The immediate impact was budget to run this survey quarterly and create an executive dashboard of these metrics over time.
The secondary impact was that once executives were used to looking at this data, projects around UX, E-A-T and more suddenly started to get budget and resources.
Example #2: “Make the content better”
I’ve lost count of the times I’ve tried to convince clients to invest in content quality. Of course - the failure is all mine. You can’t just say make the content better, you have to actually understand how to measure content quality.
So that’s what I did recently - while working with a smaller, more nimble company I was trying to convince the editorial team to invest in improving content quality. We had zero budget (not even $1000!) but I found a friendly editor and we re-wrote a single page.
Importantly we created a new guiding principle for the content and re-wrote the page following that principle. Then, once we had the old and new versions of the page we ran some user testing with a tiny number of users using the company’s existing UserTesting account (again - we had zero budget!).
And we found this:
Using the new content principles:
80% of participants thought the new page was easier to read
83% of participants thought the new page was more useful
Now, we’re working with a single page and a small number of users but there’s enough here for an executive to sign off on a real project to expand this new approach to content.
Next, I’d look at not only running the survey across more of the client’s pages but also expanding to look at key competitors. Executives hate losing to competitors.
Comparison Is the Key
Notice how both these examples have a comparison. It’s not just creating the metric - it’s showcasing the gap. Either the gap between us and competitors or the gap between before and after.

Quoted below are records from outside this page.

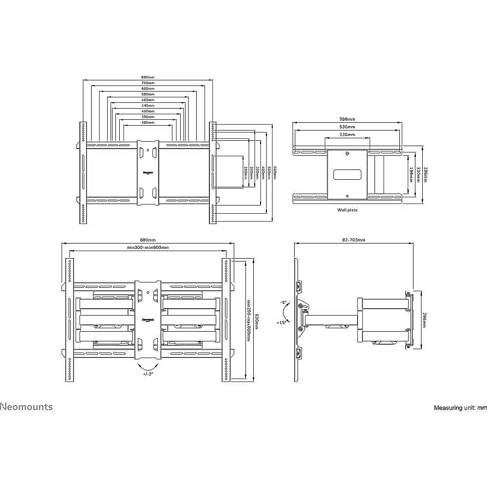 Description - The Neomounts Select WL40S-950BL18 is a heavy-duty full motion wall mount for flat screens up to 110" with a maximum load of 125kg. Versatile tilt (20°) and swivel (90°) technology to create the optimal viewing angle Level adjustment available for perfect installation The WL40S-950BL18 has a depth of 8.2 to 70 cm and is suitable for VESA screens from 300x200 to 800x600 mm. For extra-large VESA patterns (800x600 to 1200x900), the optional VESA adapter kit AWLS-950BL1 is available. The mount features a clever Easy-release system that allows you to attach your TV in no time. For easy installation, the wall mount comes pre-assembled and a separate spirit level and mounting template are included with the wall mount. The mount features high-quality steel cable guides to secure loose cables to the back of the screen.
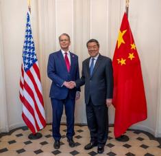 El Secretario del Tesoro de EE.UU., Scott Bessent, y el Viceprimer ministro chino, He Lifeng, en mayo, en Ginebra. Foto: Keystone/EDA/Martial Trezzini (via REUTERS)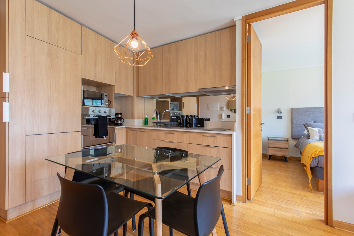 Užij si moderní byt se 2 ložnicemi a 2 koupelnami a okouzlující soukromou terasou plnou rostlin. Ideální pro snídani venku, relaxaci nebo drink při západu slunce. Nacházíš se v pěší vzdálenosti od obchodů a restaurací na exkluzivní třídě Avenida Isidora Goyenechea a v blízkosti centra Costanera. K dispozici je plně vybavená kuchyň, klimatizace, chytrá televize a nepřetržitá ostraha. Ideální pro krátké pobyty, páry nebo cestovatele, kteří hledají design, lokalitu a zelený koutek uprostřed města.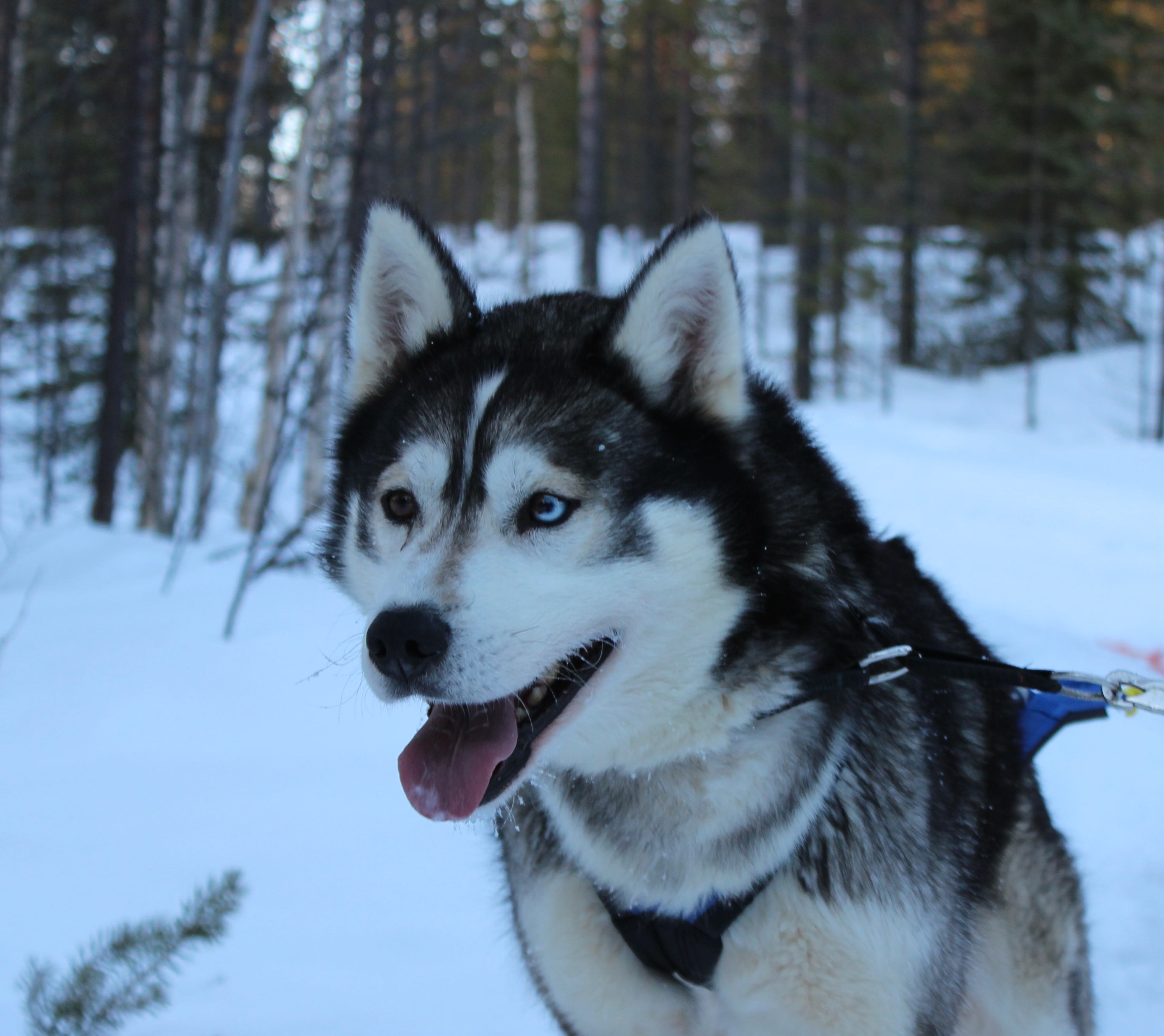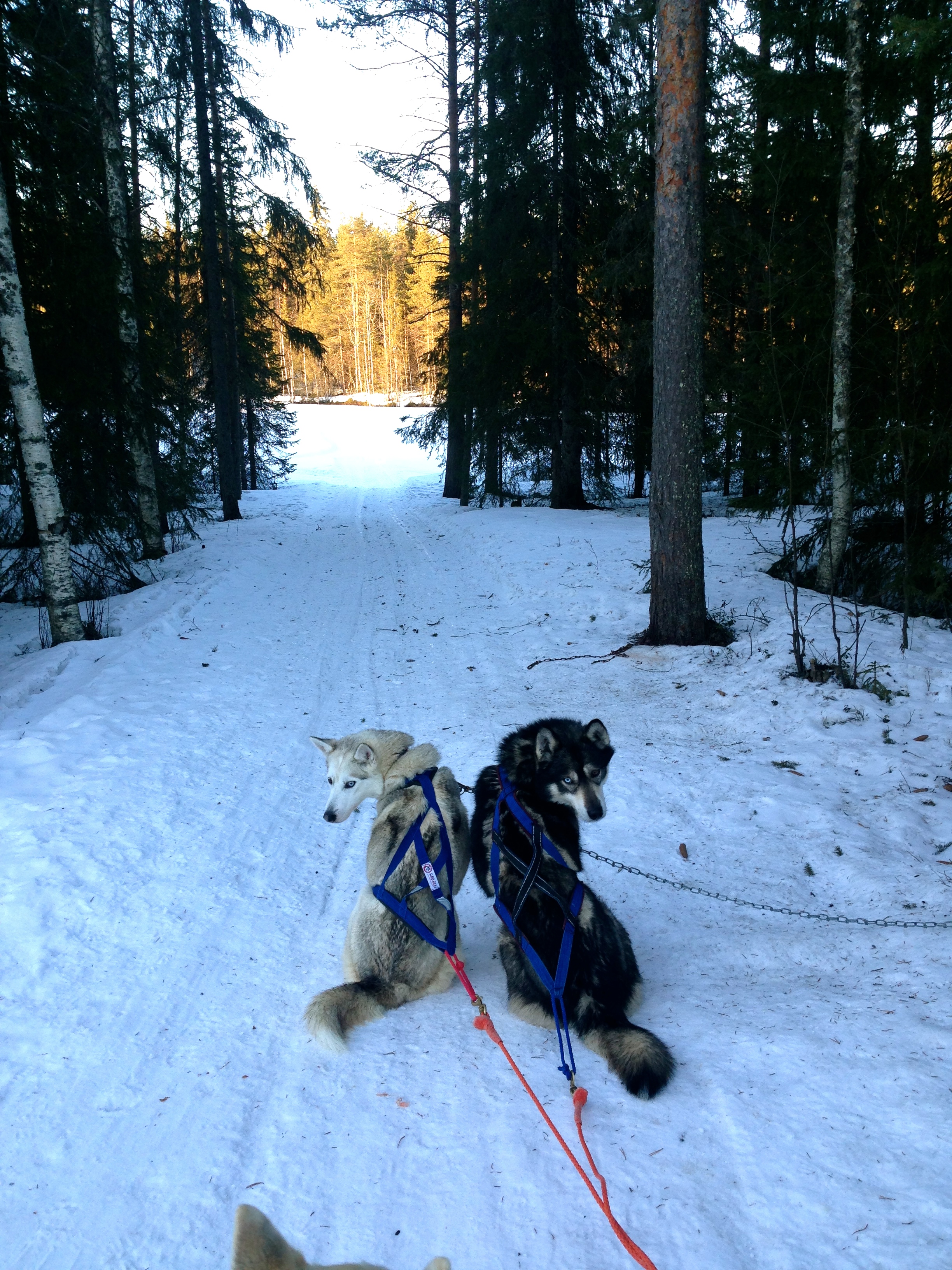 Eyes wide, brows raised, she stared at the 60 Siberian Huskies plus three Finnish Lapphunds waiting to be fed at Usvatanssin Kennel. Sixty three energetic pairs of eyes stared back at her, tails wagging in expectation. Another familiar look crossed her face: Yeah right.

This comparison is essential to provide context - without it an executive is flying blind trying to understand if the metric is inherently good or bad.

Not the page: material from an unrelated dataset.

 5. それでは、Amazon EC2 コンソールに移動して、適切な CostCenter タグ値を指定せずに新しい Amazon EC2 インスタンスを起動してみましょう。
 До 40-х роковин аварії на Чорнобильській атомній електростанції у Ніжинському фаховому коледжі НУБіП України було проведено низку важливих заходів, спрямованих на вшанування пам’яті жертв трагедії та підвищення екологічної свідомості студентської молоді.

Unfortunately - when you start trying to run surveys inside an organization you might get pushback. Especially from a design/UX team who might already be running user testing and on-site user surveys.

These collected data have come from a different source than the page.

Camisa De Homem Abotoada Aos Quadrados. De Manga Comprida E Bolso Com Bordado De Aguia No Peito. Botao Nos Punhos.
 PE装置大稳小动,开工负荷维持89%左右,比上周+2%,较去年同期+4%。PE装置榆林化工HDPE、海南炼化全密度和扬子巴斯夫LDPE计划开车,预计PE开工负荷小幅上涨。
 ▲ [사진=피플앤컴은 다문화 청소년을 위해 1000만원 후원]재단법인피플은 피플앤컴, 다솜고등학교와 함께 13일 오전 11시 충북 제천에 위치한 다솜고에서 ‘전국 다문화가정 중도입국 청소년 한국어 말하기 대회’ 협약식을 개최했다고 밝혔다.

The problem is that these surveys and user testing are designed to drive insights, they’re not designed to drive executive buy-in. And they often lack comparison.
For example a UX team might be able to give you access to the on-page surveys (e.g. something like Qualaroo on site user surveys) and that’s great for generating insights into user behavior. But they’re not very useful at quantifying the things we care about and creating a comparison vs competitors.
So you might have to go a little bit rogue. Small user survey studies are relatively cheap and might provide the leverage you need to make the case for increased budget, more robust user surveys etc.
Surveys Aren’t the Whole Story
To be clear, a survey won’t tell you how to improve the metric, and it’s rarely the whole pitch.. It’s important to understand the limitations, especially for a survey that’s got a small number of users and where you’re surveying random internet people, not actual users.
And be careful getting executives to buy-in to metrics that you don’t believe in or can’t influence!
But surveys are uniquely understandable by executives. It’s a simple “we asked people and they said…” You might be surprised at how effective it is. Especially for getting the initial buy-in and resources to run a pilot or a proper test.
Have you had success using surveys to drive executive buy-in? Drop me a note, I’d love to hear your stories.
Until next time,
Following my own advice, calling something “The Panda Survey” in front of executives is a dumb idea and I’m ashamed that I did that. Going forward I’m never going to call this the Panda Survey again in front of an executive. I’m going to call it the Google Quality Raters Survey - QRS for short. Sounds much better.